Why rising interest rates could be devastating for AMC Entertainment
AMC Entertainment Holdings (AMC 2.55%) is struggling to contain the adverse effects of the pandemic. Month-long closures of its theaters have taken revenue to near zero and forced management to take emergency action to keep the business afloat.
Moviegoers are coming back, but nowhere near the rate AMC needs to break even. With billions in debt coming due, refinancing seems like the only option. That said, interest rates are rising rapidly. If the trend continues, it could be devastating for AMC.
AMC has a heavy debt
Indeed, AMC has two separate loans maturing in 2026. One is for $1.5 billion and the other is for $1.94 billion. The latter bears interest at 3.35%, and this rate is likely to increase considerably when AMC refinances itself. The former costs AMC 10% if paying in cash or 12% if paying by any other method. It is unlikely that when 2026 rolls around, AMC will have enough cash to pay the principal of these loans.
As of March 31, AMC held $1.16 billion in cash on the balance sheet, compared to $1.59 billion in the same period last year. Its balance sheet was infused with more than a billion dollars in cash thanks to the stock market frenzy that allowed management to sell shares at exorbitant prices.
That lifeline ran out, and when management tried to get shareholders to allow more share sales, their disapproval of the idea forced management to scrap the plan.
Fortunately, AMC’s business rebounded as blockbusters brought viewers back to the movies. In its most recent quarter, revenue increased fivefold from the same period a year earlier. Unfortunately, AMC lost $295 million in cash from its operations, even with the boost. It’s going in the opposite direction rather than making money to prepare to pay off debt.

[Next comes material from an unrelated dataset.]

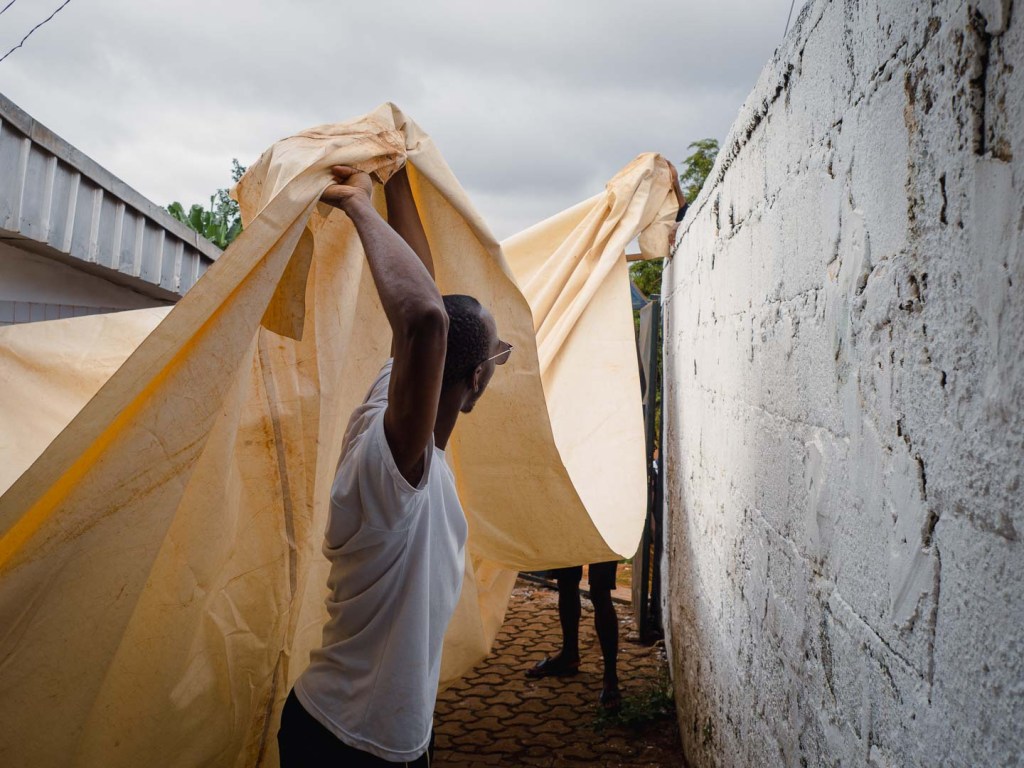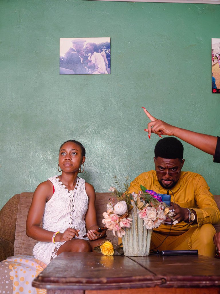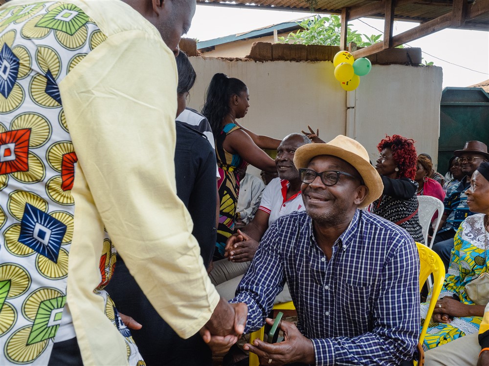 Die Zeremonie war so farbenfroh und lebendig, dass ihr euch sie am besten in Videoform anseht. Sie begann mit einer Messe, die musikalisch vom Kirchenchor begleitet wurde – in dem auch die Braut singt. Gesungen und gebetet wurde hierbei sowohl auf Französisch, als auch auf Ewondo, der lokalen Sprache in der Yaoundé-Region. Anschließend folgte der Austausch zwischen den Familien, dem die Braut übrigens nicht beiwohnte. In einer Mischung aus Theater, Komödie und Tradition ergriffen die Chefs beider Familien das Wort. Sie bedankten sich gegenseitig für die Vorbereitungen, tauschten zahlreiche freundliche Gesten aus und überreichten Gaben wie Reis, Stoffe und Whisky. Erst nach diesem feierlichen Akt wurden die Gäste mit herzlichem Händeschütteln im Haus willkommen geheißen. Es folgte eine kurze Pause, bevor die Zeremonie auf ihren Höhepunkt zusteuern sollte: Die Vorstellung der Braut.

There remains another option: refinance the debt. AMC did something similar recently. It issued about $950 million in new bonds in February at 7.5% interest. He used the funds to pay off old debt due in 2025 and 2026, costing AMC 10.5%. This decision will allow the company to save on interest costs.

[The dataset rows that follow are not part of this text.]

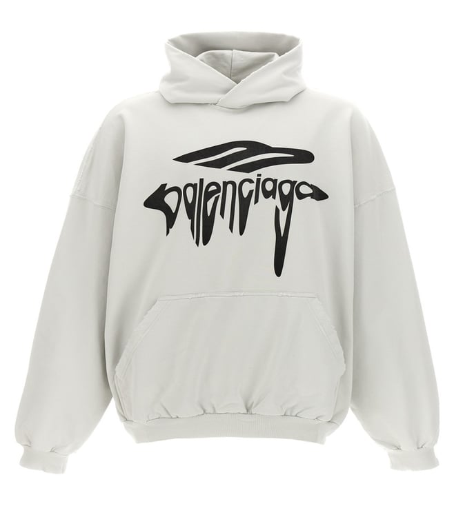 White Printed Logo Regular Fit Hoodie
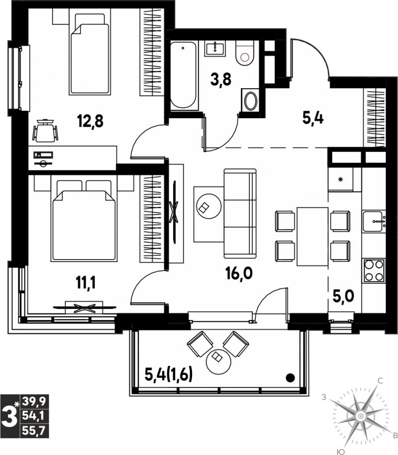 3-комн. квартира, 55.70 м², 5/16 этаж
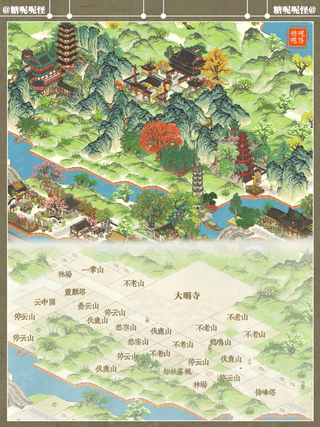 🤍扬州府郁林边+大明寺+暖池边+解鞍边大明寺布局 🤍建筑:云中阁|灵麒塔|倚峰塔|不老山|停云山|伏鹿山|愁空山|落枫知秋

However, interest rates are rising, and it’s unclear whether AMC can secure similar terms if it decides to follow the same plan to pay off the $3.4 billion in debt it’s still due in 2026. The company already struggling to break even, the gradual increase in interest charges could be overwhelming.
What this could mean for AMC investors
AMC has paid $387 million in interest charges over the past 12 months. Over the previous decade, the company’s highest operating profit was $310 million in 2018. So while it may return to pre-outbreak performance levels, it probably won’t be enough. not to pay its debit interest at the rate of the previous 12 months.
It’s a troubling scenario for investors, of course. If you still own this stock, you might want to sell it before it’s too late.